*Your instructions*:
Leave the pictures in the listing below aside and reproduce exactly the lines starting with the one with "- छत्तीसगढ़ पुलिस" and going on through the one with "ミニマルなデザインと快適な着", both ends included.

*The input*:
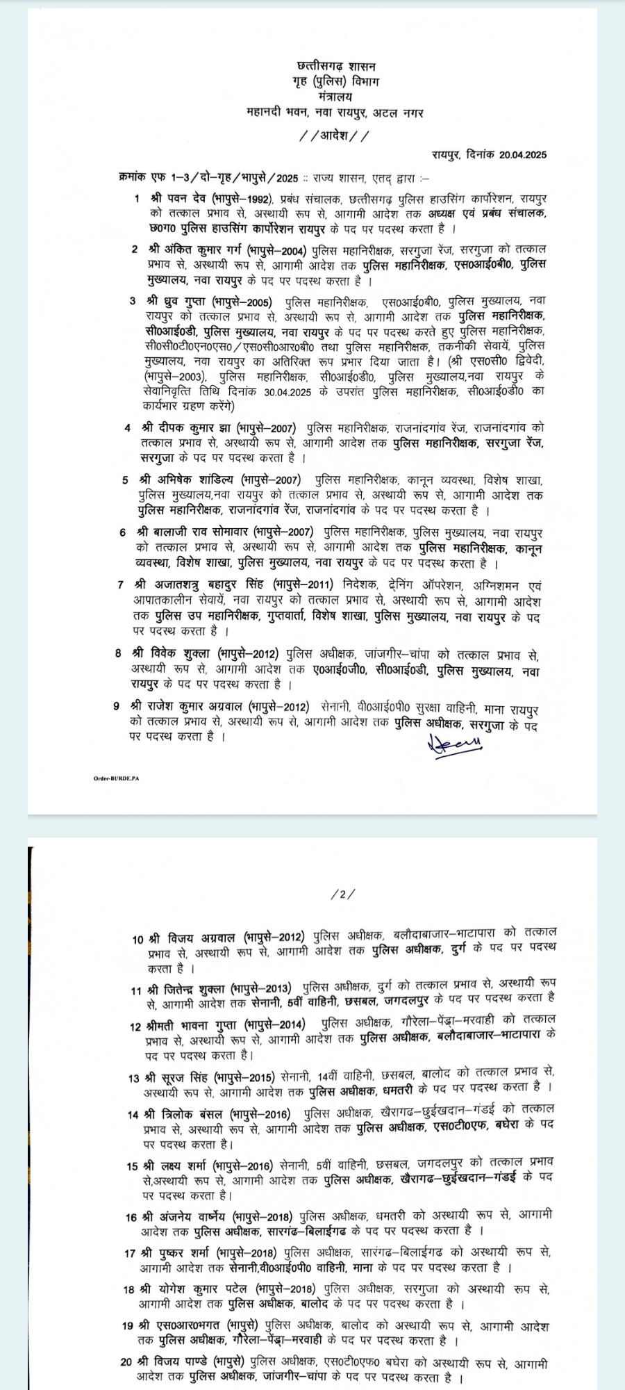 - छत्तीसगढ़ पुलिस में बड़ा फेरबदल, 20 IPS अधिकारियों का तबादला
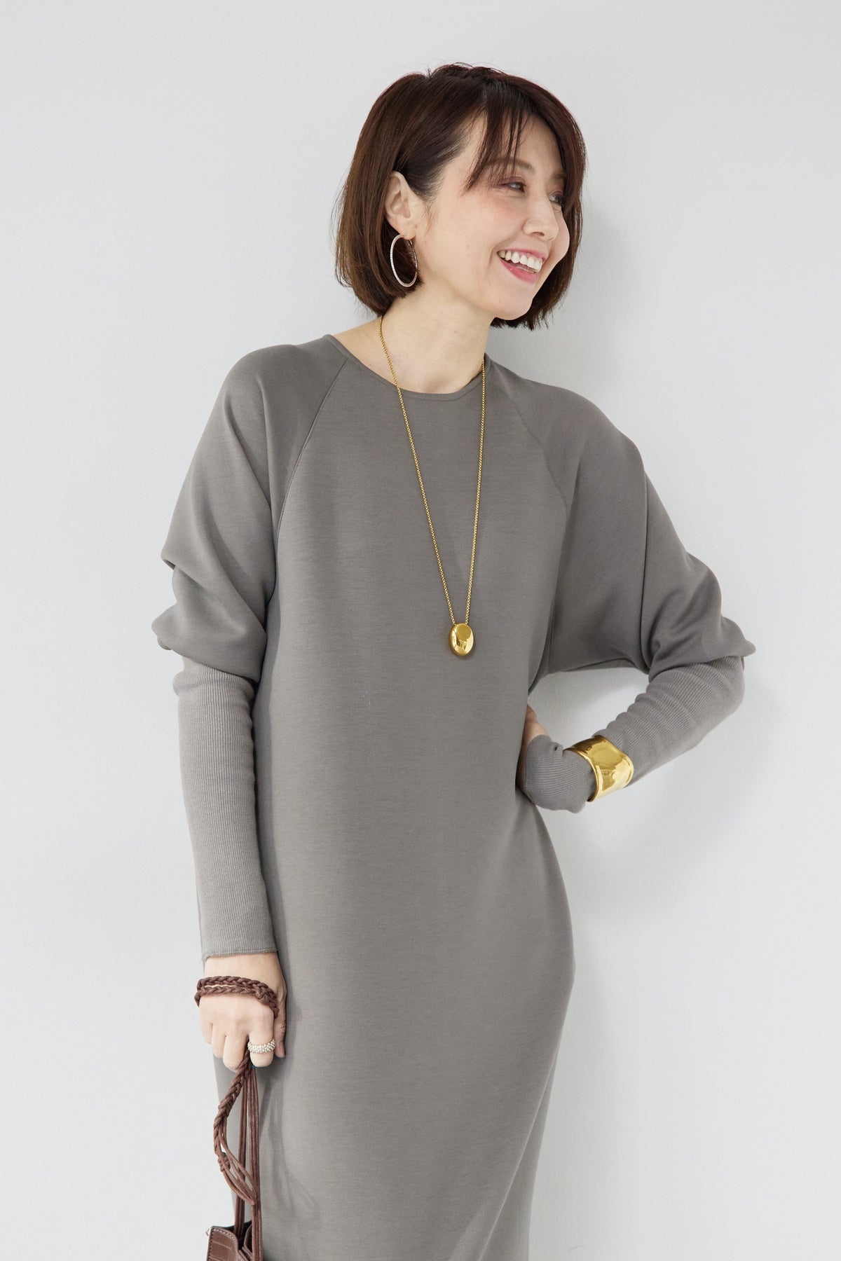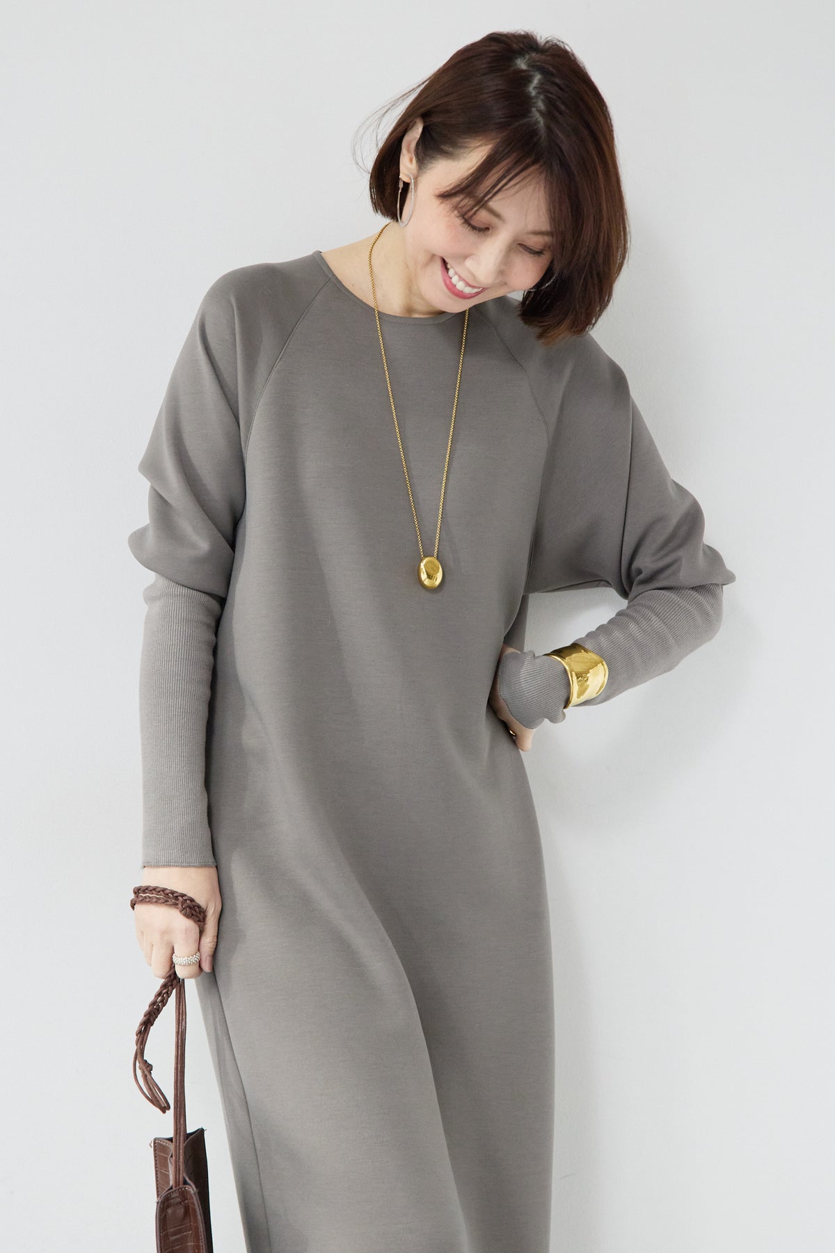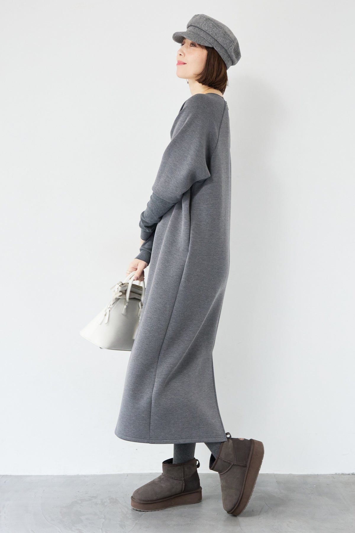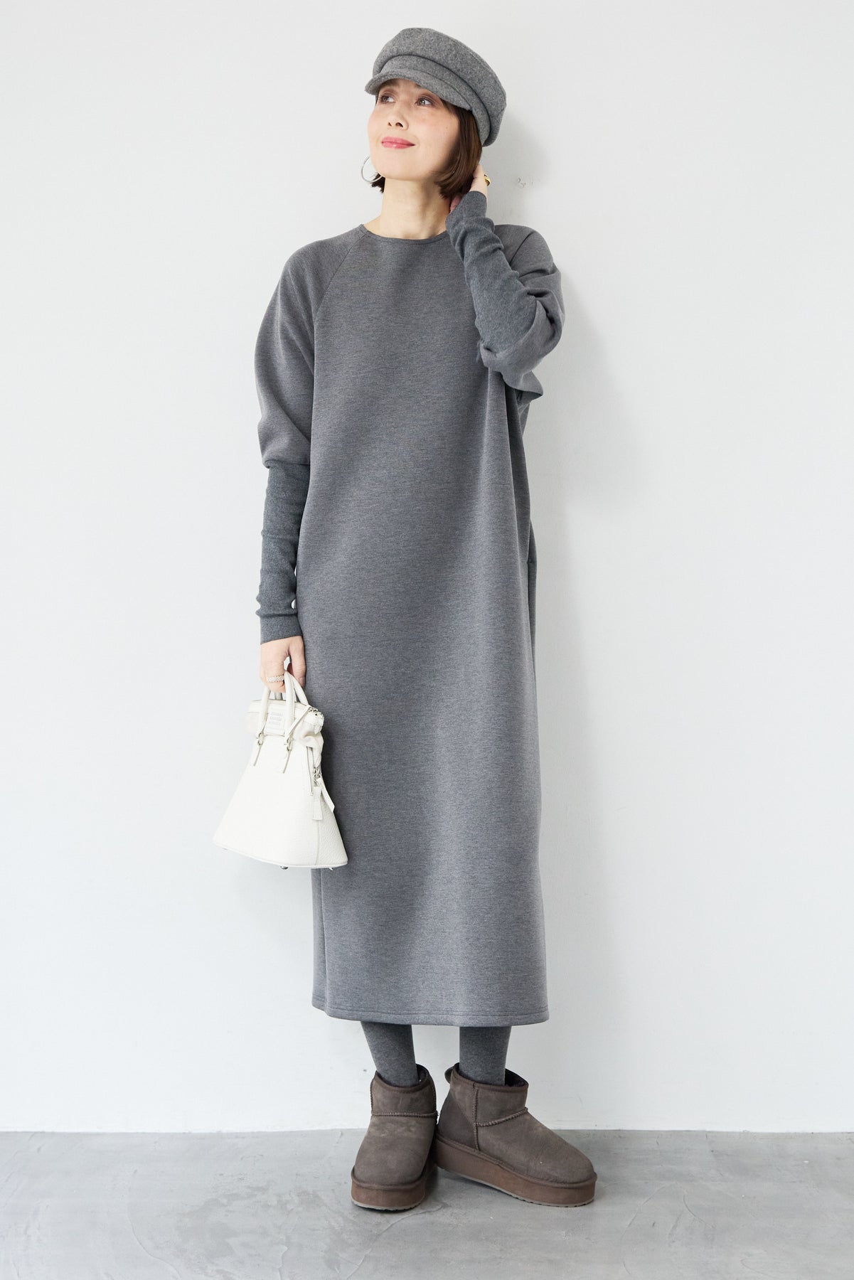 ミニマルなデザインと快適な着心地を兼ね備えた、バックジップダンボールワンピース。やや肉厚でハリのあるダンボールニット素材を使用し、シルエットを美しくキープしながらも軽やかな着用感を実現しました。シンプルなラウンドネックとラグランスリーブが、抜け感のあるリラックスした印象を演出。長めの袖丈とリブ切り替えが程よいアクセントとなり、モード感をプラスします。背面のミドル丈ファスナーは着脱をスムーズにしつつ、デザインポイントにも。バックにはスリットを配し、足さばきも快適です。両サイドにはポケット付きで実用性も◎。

==

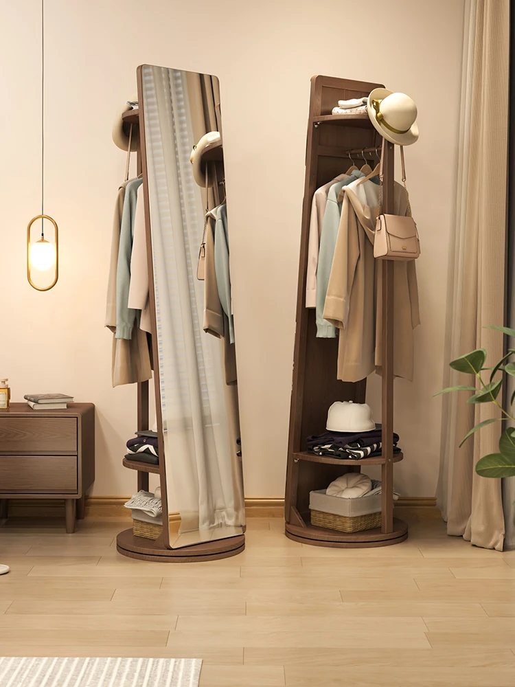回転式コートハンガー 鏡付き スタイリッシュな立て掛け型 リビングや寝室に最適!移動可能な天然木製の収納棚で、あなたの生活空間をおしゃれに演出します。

*Solution*:
 - छत्तीसगढ़ पुलिस में बड़ा फेरबदल, 20 IPS अधिकारियों का तबादला
 ミニマルなデザインと快適な着心地を兼ね備えた、バックジップダンボールワンピース。やや肉厚でハリのあるダンボールニット素材を使用し、シルエットを美しくキープしながらも軽やかな着用感を実現しました。シンプルなラウンドネックとラグランスリーブが、抜け感のあるリラックスした印象を演出。長めの袖丈とリブ切り替えが程よいアクセントとなり、モード感をプラスします。背面のミドル丈ファスナーは着脱をスムーズにしつつ、デザインポイントにも。バックにはスリットを配し、足さばきも快適です。両サイドにはポケット付きで実用性も◎。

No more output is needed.